* _WORK INSTRUCTIONS_: Restate, exactly as written, the entries below from the line that holds "Obojek kůže 25mmx38-49cm WAUDOG fialový" through the line that holds "Show off your". Pictures are not part of the copy.

* _EXERCISE DATA_:

== Segment start ==

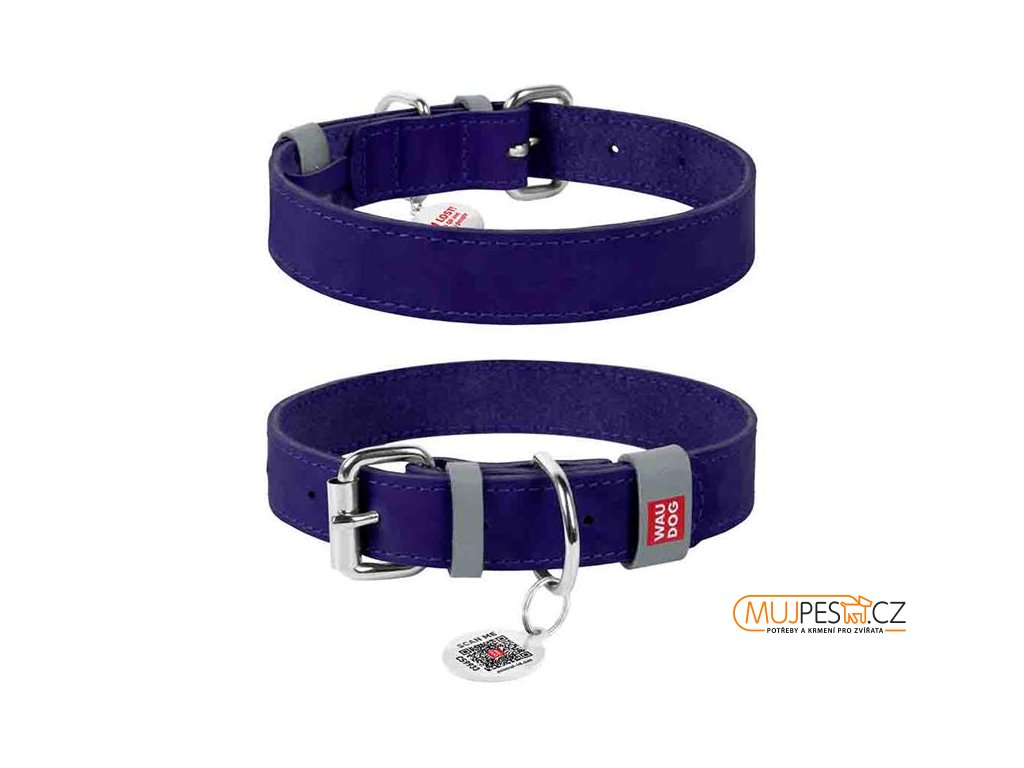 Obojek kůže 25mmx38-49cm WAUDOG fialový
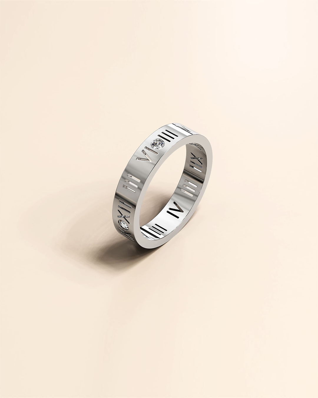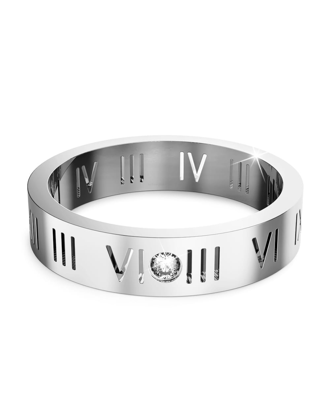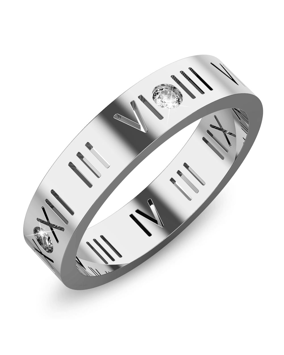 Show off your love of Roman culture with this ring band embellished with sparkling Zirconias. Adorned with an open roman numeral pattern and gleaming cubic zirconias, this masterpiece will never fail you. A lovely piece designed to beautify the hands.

== Segment end ==
== Segment start ==

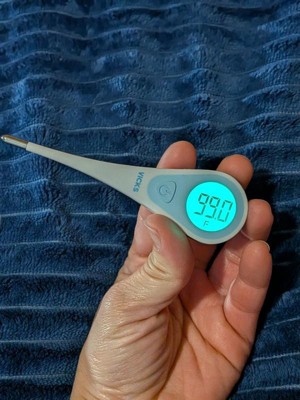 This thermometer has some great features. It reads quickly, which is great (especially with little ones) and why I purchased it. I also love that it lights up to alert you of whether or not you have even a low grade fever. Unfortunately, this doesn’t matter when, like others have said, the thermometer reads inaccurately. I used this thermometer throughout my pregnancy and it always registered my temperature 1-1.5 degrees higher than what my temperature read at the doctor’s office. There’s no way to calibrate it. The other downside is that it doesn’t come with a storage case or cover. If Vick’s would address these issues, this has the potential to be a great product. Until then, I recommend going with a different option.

== Segment end ==

* _RESPONSE TO THIS EXERCISE_:
 Obojek kůže 25mmx38-49cm WAUDOG fialový
 Show off your love of Roman culture with this ring band embellished with sparkling Zirconias. Adorned with an open roman numeral pattern and gleaming cubic zirconias, this masterpiece will never fail you. A lovely piece designed to beautify the hands.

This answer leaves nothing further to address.